College group WCG (formerly Warwickshire College Group) which currently offers the digital T Level, welcomed the new funding.

“We have a firm belief that the qualifications will be integral to the success of the future economy, locally, regionally and nationally,” said Angela Joyce, CEO of WCG.

“These are qualifications designed to generate the skilled workforce of the future,” she continued.

However the new qualification hasn’t been widely trialled, leading some to offer caveated support.

“I think there are risks to the big switch off as T Levels are not yet proven and have operated only at a relatively small scale so far,” said Becci Newton, director of public policy research at the Institute for Employment Studies, who recently led the evaluation of the T Level industry placement pilot.

In the pilot, Newton found industry placements gave some young people valuable connections to an employer, however employers had to be willing to put in the effort to make the placement immersive and progressive. 

The study found that when the placements gave young people the opportunity to learn to do something, repeat it without supervision and then move onto next tasks, they could be really valuable. However there is a risk that some employers could lock learners into delivering repetitive tasks that don’t develop their skill sets. 

T Levels require students to specialise quite early, which will “likely suit some,” she explained, however she also questioned whether “having to make the specific choice of one big, fat qualification at this age will suit all young people.”

“They should gain transferable skills if that choice isn’t the right one but their route will not be as straightforward as A Level learners.” 

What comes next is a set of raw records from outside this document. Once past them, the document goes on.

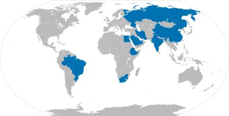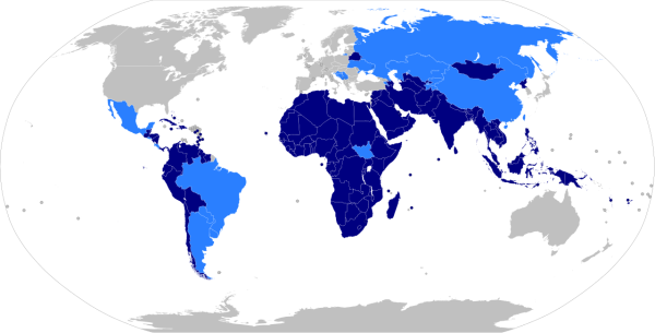 De Non-Aligned Movement (Beweging van Niet-Gebonden Landen (licht blauw: observator status))
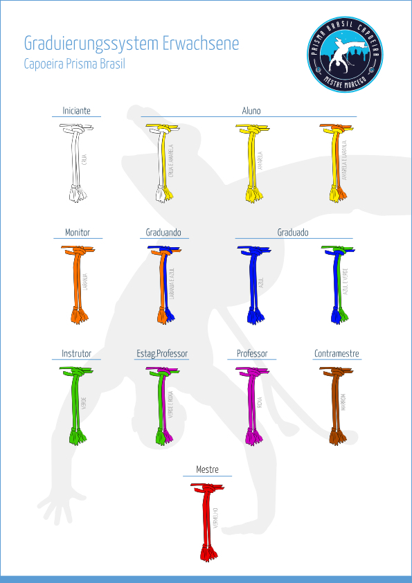 Viele Capoeira-Gruppen haben ihr eigenes Graduierungssystem, daher können Farben und der damit verbundene Schüler- oder Trainergrad stark variieren.
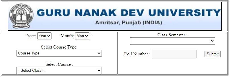 Step 5: The GNDU result 2025 window will open on the screen. Select the year, month of the examination. Now, choose the course type and semester. Enter the roll number.
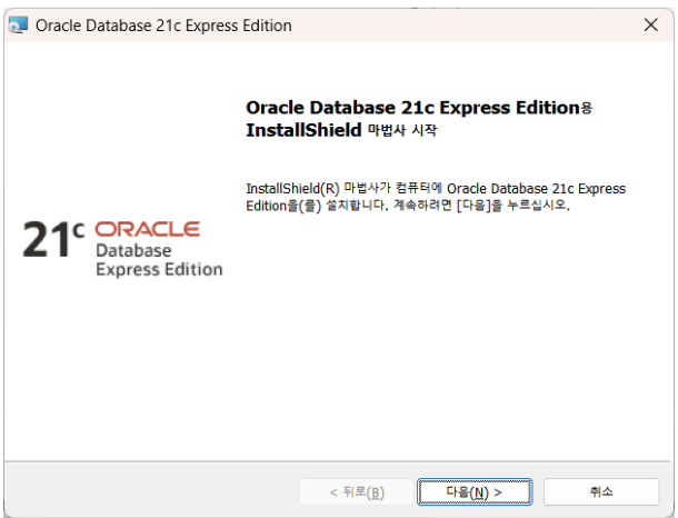 버전 선택 및 다운로드: Oracle Database 21c 또는 최신 버전을 선택하여 다운로드한다. 운영체제에 맞는 설치 파일을 선택해야 한다.
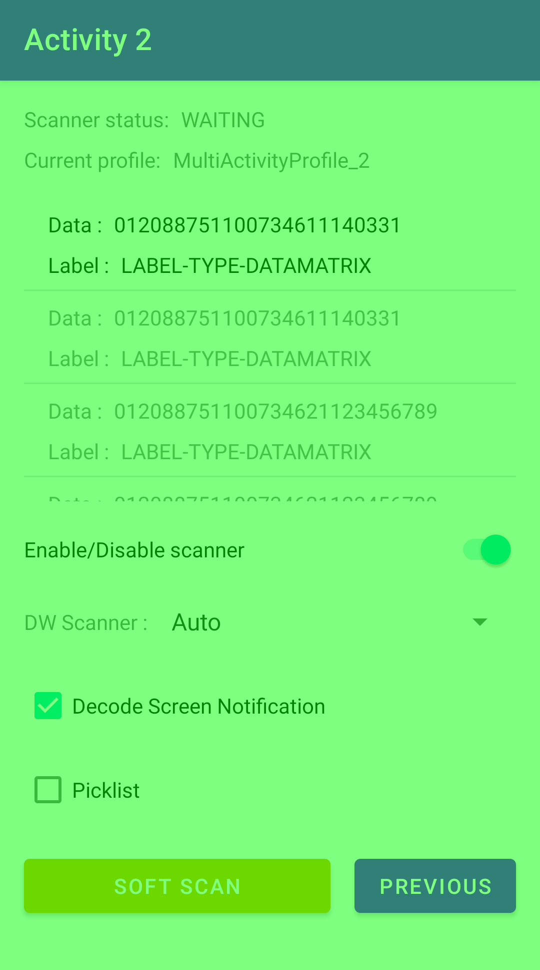 Press the physical trigger button or toggle the soft scan button to perform a scan. The scanned data is displayed. If Decode Screen Notification is enabled, the screen turns green briefly upon a successful decode.
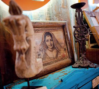 Clockwise from top: Art Deco vase, green velvet screen, Art Deco ceiling lamp, cabinetofcuriosity. me; Painting in frame, antikadubai.com; Chest of drawers, labrocante.ae; modern Najdi table, Mother-of-pearl inlaid chair, original-antique. com; hand carved mirror, antikadubai.com
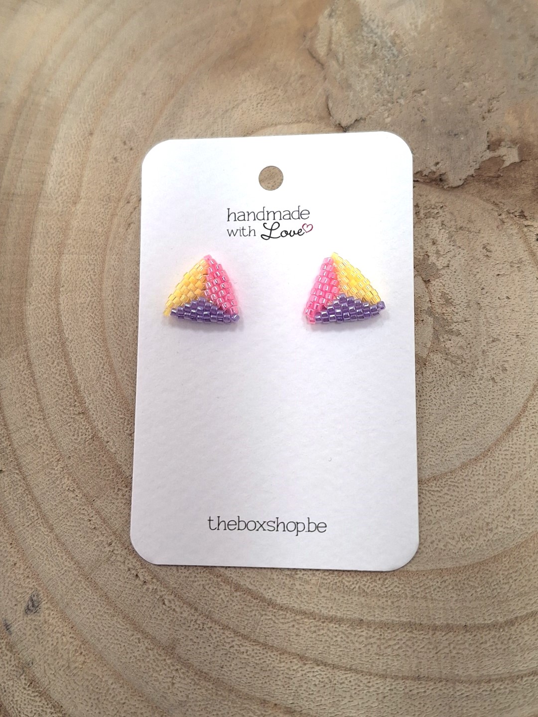 Miyuki oorknopjes paars geel roze
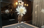 金属ではなく木彫による自在置物で生命力を感じさせる人体や昆虫、草花をつくりあげる大竹亮峯。花器に水を注ぐとゆっくりと花弁が開くという仕掛けを持つ《月光》(2020)は、動かずとも圧巻の迫力を感じさせてくれる。
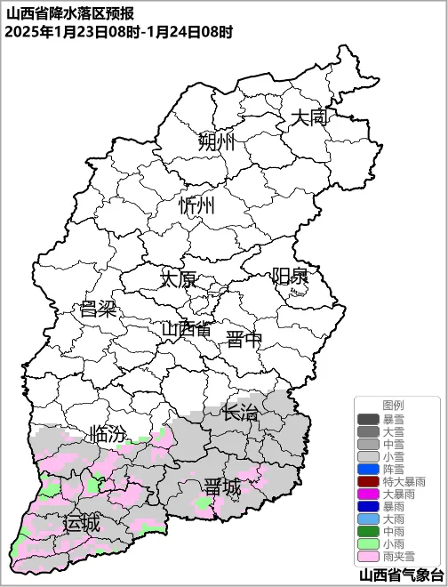 全省阴天,忻州及其以南大部分地区有小雪或雨夹雪,吕梁、临汾、运城、晋城等地的部分地区有中到大雪,局部大到暴雪。
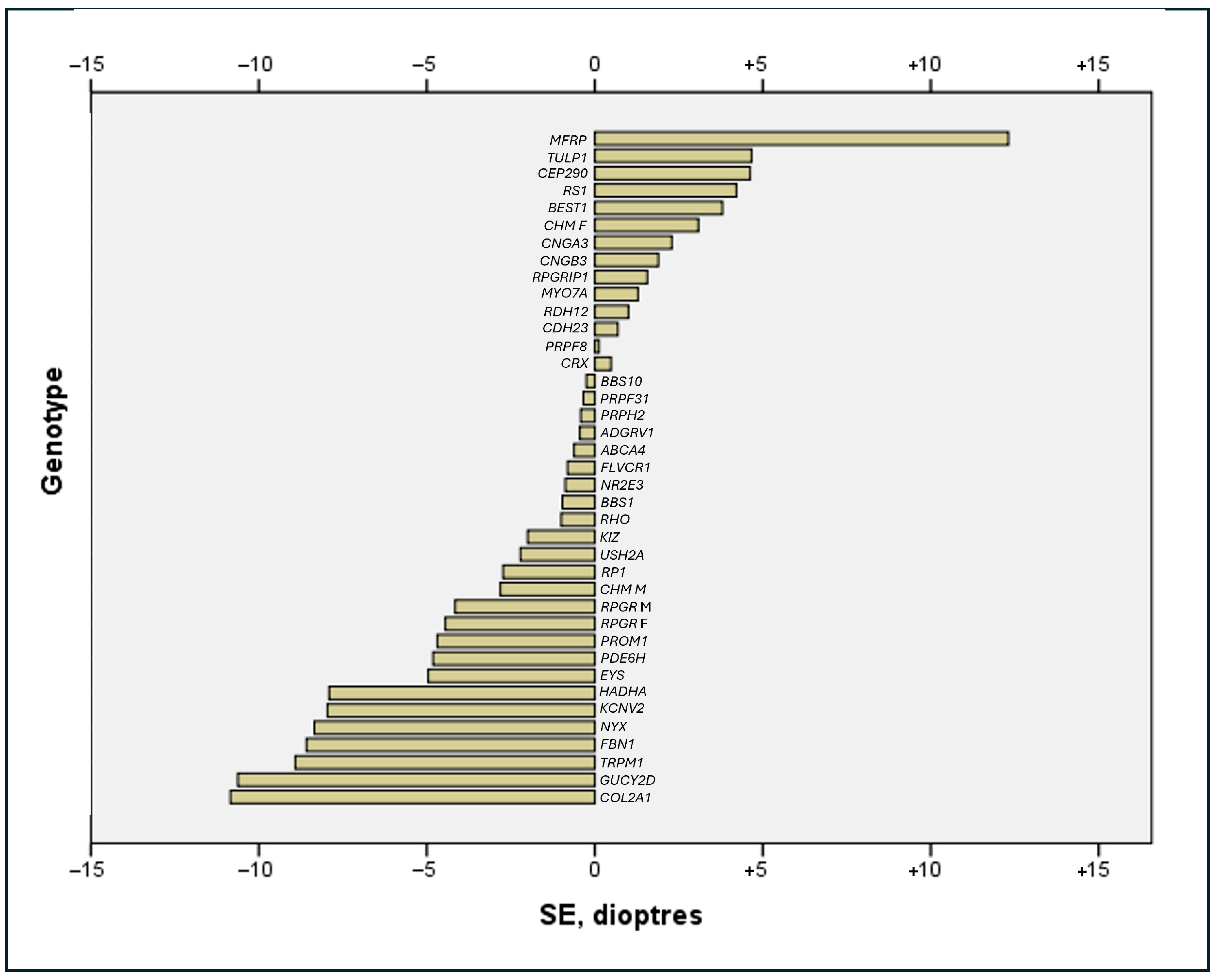 - Yassin, S.H.; Wagner, N.E.; Khuu, T.; Schmidt, R.; Igelman, A.D.; Marra, M.; Schwartz, H.; Walker, E.; Nagiel, A.; Yang, P.; et al. Refractive Error in Inherited Retinal Disease. Am. J. Ophthalmol. 2025, 269, 381–392. [Google Scholar] [CrossRef]
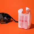 This bag is inspired by the iconic single-use Thank You bag, a culturally significant emblem that disrupted our shopping behaviors when it was phased out in favor of reducing plastic pollution.
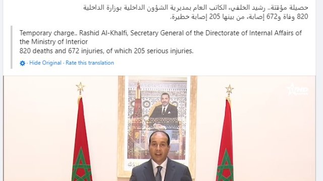 Fas devlet televizyonuna açıklama yapan İçişleri Bakanlığı’na bağlı İç İşleri Genel Sekreteri Rashid Al-Khalfi, meydana gelen 6.8 büyüklüğündeki deprem sonrasında hayatını kaybedenlerin sayısının 820'ye yükseldiğini duyurdu. Genel Sekreter Al-Khalfi, yaralıların sayısını 205’i ağır olmak üzere 672 olarak belirtti.
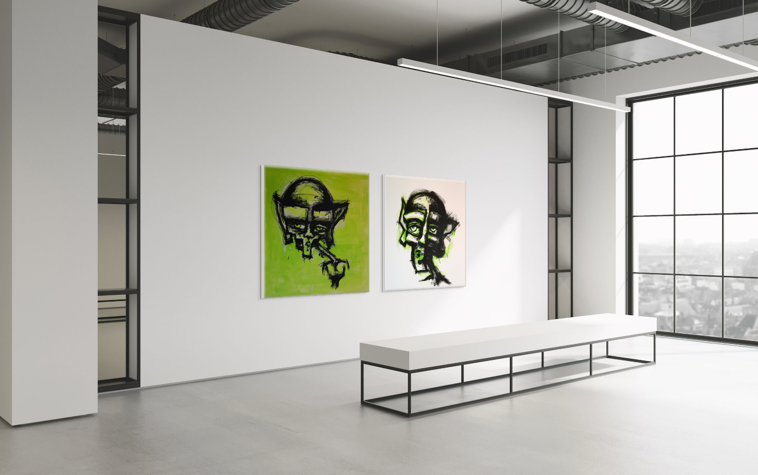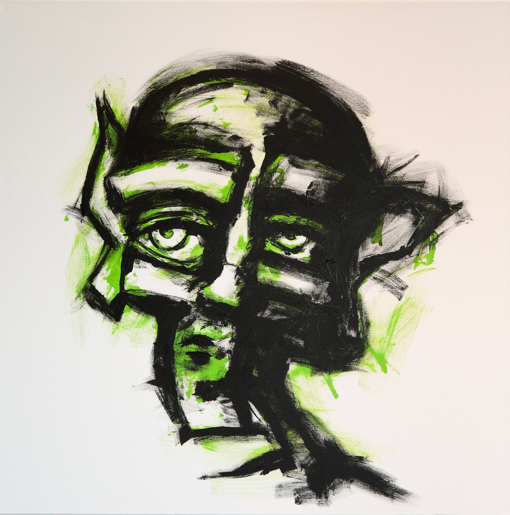 Original Art By Jeremy Soares, Part of a 3 piece series of coloured Faces on white canvas. (48 x 48 )
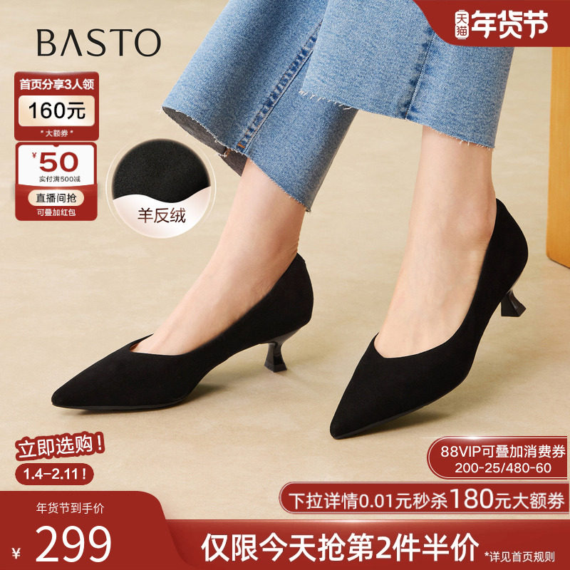 百思图2026春季新款羊皮绒面细跟高跟鞋尖头女浅口单鞋K5811AQ6
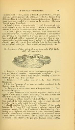 Keywords: The Quarterly journal of the Geological Society of London (14052689136).jpg IN THE TEIAS OF DEVONSHIRE 261 <br> ornament on one side similar to that of Lahyrinthodon Lavisi op <br> et loc cit pi xix probably also of i\iO Lahyrinthodon 4 inches long <br> 2 inches high 2 inches thick in its greatest dimensions Fragment <br> found loose and rounded by exposure on the sea-shore No teeth <br> Bone structure throughout <br> 3 Small jawbone of Lahyrinthodon with fragments of oper- <br> cular bone in situ in the matrix There is something like <br> remains of teeth on the anterior extremity of the jaw <br> 4 Eamus of jaw of Eeptile imperfect with several teeth iu <br> line some broken off 2 inches long j\ inch broad at alveolar mar- <br> gin ; 25 teeth the largest of which are posterior about -f- inch above <br> jaw pointed and suddenly expanded at base where they are com- <br> pressed antero-posteriorly and about 3 inches by y inch in greatest <br> diameter minutely grooved longitudinally from the base upwards <br> and anchylosed to the jaw Bone structure throughout iig 3 <br> Fig 3 ” Ramus of Jaw with teeth from talus under High PeaJce <br> Hill Natural size <br> 5 Fragment of jaw of small animal bearing three i ulps ; 1 inch <br> long by - inch in thickness Bone structure throughout <br> 6 The same with 2 teeth more advanced showing the layer of <br> enamel inch long Bone structure <br> 7 Fragment of hollow bone or tooth Bone structure <br> throughout <br> 8 9 Two fragments of jawbone containing remains of teeth <br> Bone structure throughout <br> 10 Fragment of subcutaneous bones of Lahyrinthodon Bone <br> structure throughout <br> 11 A great number of other shapeless fragments some of which <br> appear to have been scutes illustrating both their nature and <br> that of the matrix in which they are imbedded <br> 12 Fragment of bone from Tidwell-Estate Quarry Bone struc- <br> ture confined to little opalescent thin plates or scales dispersed <br> irregularly through the rest of the chalky substance <br> I should mention that in a geological diagram of the strata <br> between High Peake Hill and Sidmouth inclusive prep red and <br> presented to me by Mr P 0 Hutchinson a Local Secretary of the <br> Society of Antiquaries the bone-bed is placed considerably lower <br> down in the sandstones than the lighter-coloured stratum to which <br> I have directed special attention Mr Hutchinson has long resided <br> at Sidmouth and observed the geological features of his locality ; 36941050 113697 51125 Page 261 Text 40 http //www biodiversitylibrary org/page/36941050 1884 Geological Society of London Biodiversity Heritage Library The Quarterly journal of the Geological Society of London v 40 1884 Geology Periodicals Smithsonian Libraries bhl page 36941050 dc identifier http //biodiversitylibrary org/page/36941050 smithsonian libraries Information field Flickr posted date ISOdate 2014-04-30 Check categories 2015 August 26 CC-BY-2 0 BioDivLibrary https //flickr com/photos/61021753 N02/14052689136 2015-08-26 05 57 07 cc-by-2 0 PD-old-70-1923 The Quarterly journal of the Geological Society of London 1884 Photos uploaded from Flickr by Fæ using a script |

Newton also cautioned that “taking the placement, studying alongside and perhaps holding down a part-time job and/or caring commitment was heavy going on some already disadvantaged students.”

T Levels have also been criticised for replacing BTECs, (Business and Technology Education Council), which provide practical, hands-on experience in subjects such as business or animal management. 
Funding for other current post-GCSE options, including most BTECs, will be removed by 2025.